Television station in Kansas City, Missouri

KSHB-TV (channel 41) is a television station in Kansas City, Missouri, United States, affiliated with NBC. It is owned by the E. W. Scripps Company alongside KMCI-TV (channel 38), an independent station. The two stations share studios on Oak Street in southern Kansas City, Missouri; KSHB-TV's transmitter is located along the Blue River Greenway in the city's Hillcrest neighborhood.

Channel 41 in Kansas City began broadcasting after years of delays as KBMA-TV on September 28, 1970. Owned by and named for the Business Men's Assurance Company, it was the second independent station for Kansas City to sign on the air within twelve months. However, it outlasted competitor KCIT-TV thanks to its superior financial backing. Channel 41 was the primary independent in the market in the 1970s and 1980s, airing syndicated reruns, movies, and local sports with occasional forays into local news programming. Scripps acquired majority control of the station in 1977 and renamed the station KSHB-TV four years later upon its relocation into its present studio facilities. It joined the Fox network at its inception in 1986 and debuted its first full-length news program in 1993.

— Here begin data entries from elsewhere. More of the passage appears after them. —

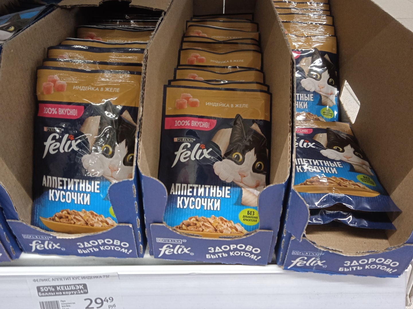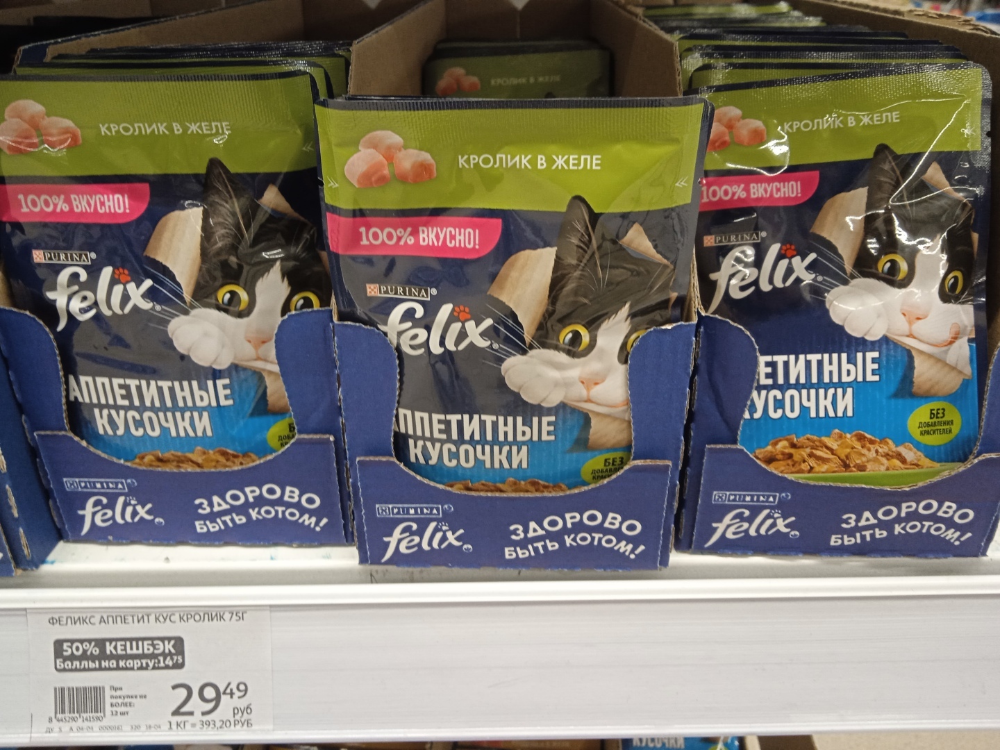 Привлёк меня и кешбэк в 50% на влажный кошачий корм "Феликс". После его применения цена составляет всего 14 рублей 75 копеек за пакетик в 75 грамм. Цена заманчивая, если учесть что последний раз я этот корм покупала по 22 рубля за пакетик. Экономия с единицы данного товара составляет 7,25 рубля.
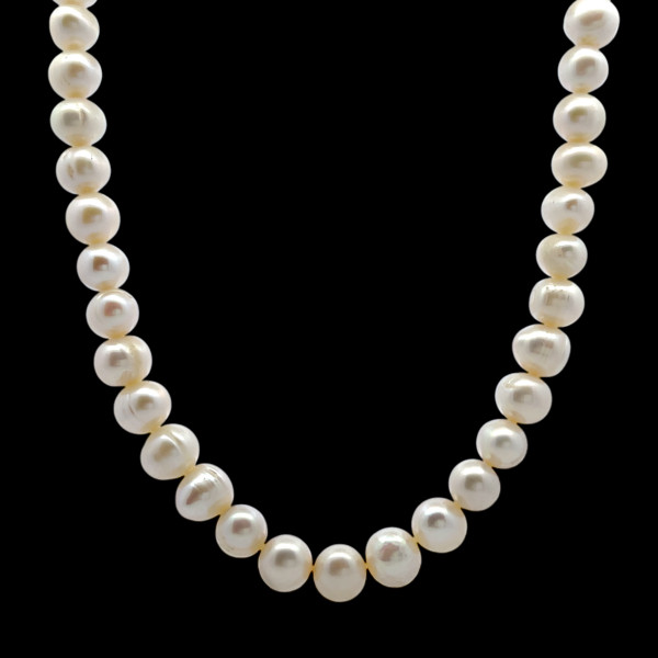 Freshwater Pearl Necklace | 10x9mm | White | Smooth Plain Ringed | Very Good Quality | 17” | 52 Pcs | Versatile Classic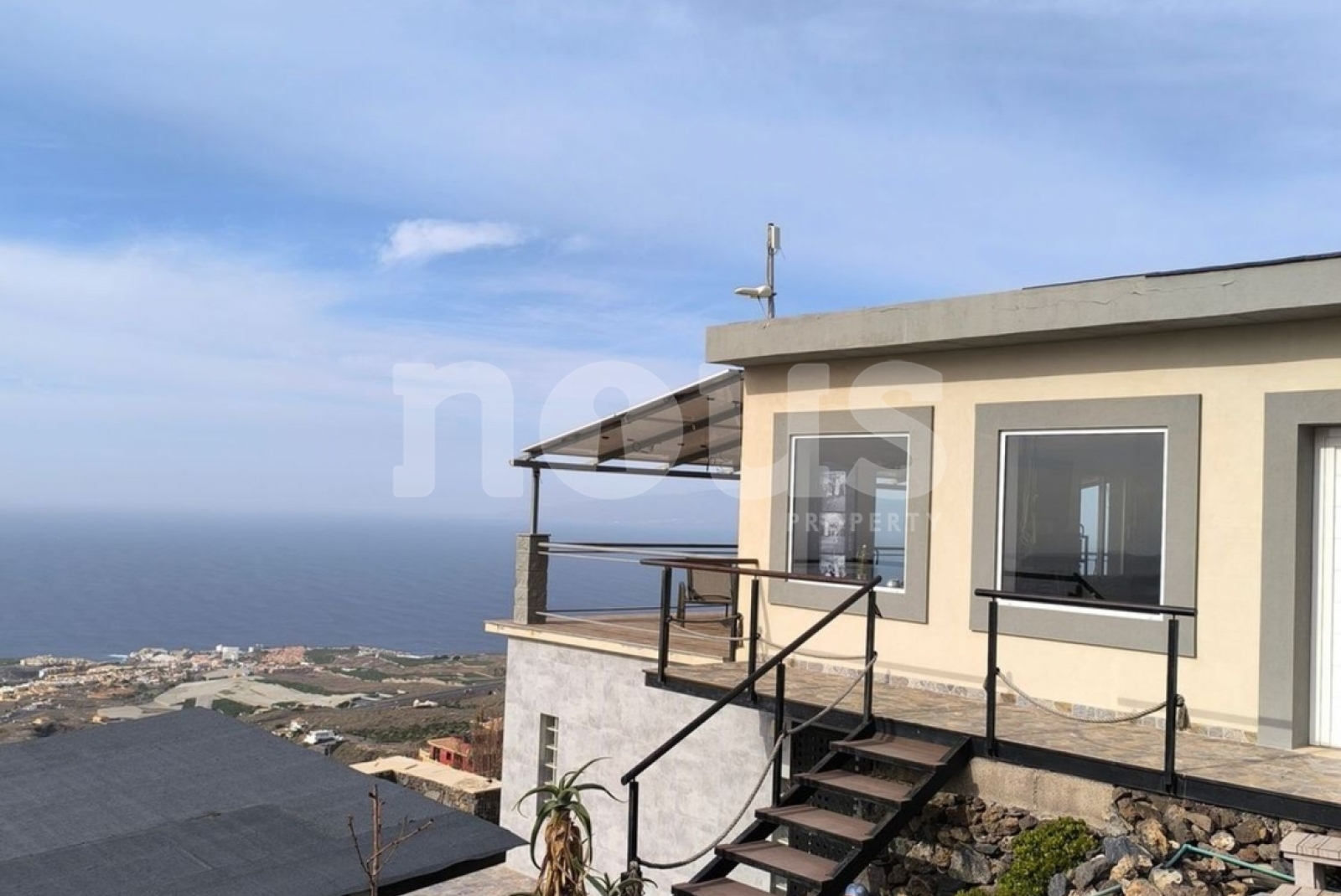Casa moderna con espectaculares vistas. La casa está destrubuida en 2 plantas con accesos independientes. Tiene instalación de paneles solares. En el territorio hay zona de descanso, barbacoa y sauna.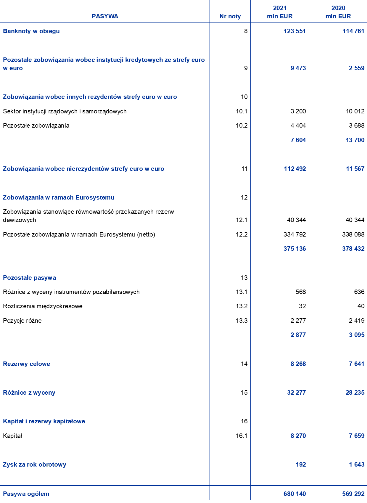 W 2021 suma bilansowa EBC wzrosła o 110,8 mld EUR, do 680,1 mld EUR, głównie z powodu jego udziału w zakupach papierów wartościowych w ramach programów PEPP i APP. Skutkiem tych zakupów był wzrost zasobu papierów wartościowych na potrzeby polityki pieniężnej, podczas gdy rozliczenia gotówkowe tych transakcji poprzez rachunki w systemie TARGET2 doprowadziły do zwiększenia drugostronnych zobowiązań w ramach Eurosystemu. Ten wzrost zobowiązań w ramach Eurosystemu był z nadwyżką skompensowany przez środki pieniężne od klientów EBC w TARGET2 spoza strefy euro, które doprowadziły również do wzrostu pozostałych zobowiązań.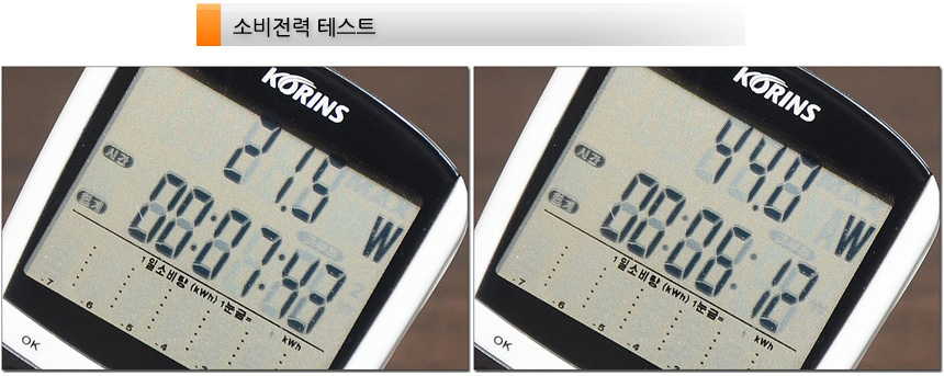 소비전력 테스트를 진행하고 있는 모습으로 100% 밝기에서는 44W 소비전력을 보여주었으며 50% 밝기에서는 21.5W로 소비전력이 낮아지는 것을 확인할 수 있었다. (화면크기와 해상도 대비 소비전력이 낮은 것이 무척 마음에 든다. 참고로 50% 밝기로만 설정해도 사용에 전혀 불편이 없는 모델이다.)

An affiliation switch in 1994 converted KSHB-TV into the market's NBC affiliate as WDAF-TV (channel 4) became the new Fox affiliate. The station quadrupled its news staff, expanded its facilities, and modified its news format as a result of the change. However, it took years for the station to have much traction in the local news ratings, and it experienced turnover in personnel, management, and strategy.

==History==
===KBMA-TV: Early years===
In 1964 and 1965, the Federal Communications Commission (FCC) received a series of applications proposing new television stations on channel 25 in Kansas City, a channel that had been unused since the 1954 closure of KCTY. The first came from Hawthorn Television of Chicago, which was soon joined by Westport Television—led by William D. Grant, the president of the Business Men's Assurance Company (BMA)—as well as Midway Television of Rockford, Illinois; a subsidiary of Massachusetts-based Springfield Television; and another local group, Allied Television.

The rapidly shifting field was also affected by two national overhauls of the UHF table of allocations in the span of a year. The channel 25 field was essentially split to two new channel assignments, 30 and 36. In October 1965, Westport got the construction permit for channel 30. It was revised again in early 1966 to specify channel 41. KBMA-TV, named for Business Men's Assurance, continued to exist only on paper for another four and a half years after being assigned to channel 41. By the time Allied's station—which was reassigned channel 50 and began as KCIT-TV in October 1969—began broadcasting and gave Kansas City its first independent station, KBMA-TV was still unbuilt and needed yet more time due to a local construction strike. It had not been able to find land for a studio site in Kansas City, Missouri, and had tentatively agreed to construct facilities in Fairway, Kansas, requiring FCC approval. Shortly before KCIT began broadcasting, William D. Grant proposed to buy a controlling stake in KCIT-TV, donate the studio equipment purchased for KBMA-TV and the channel 50 physical plant to local public television station KCSD-TV to become a two-channel operation, and move KCIT-TV to channel 41. He then later proposed merging the two stations and donating channel 41's equipment to the University of Missouri. Stockholders in KCIT-TV rebuffed both overtures.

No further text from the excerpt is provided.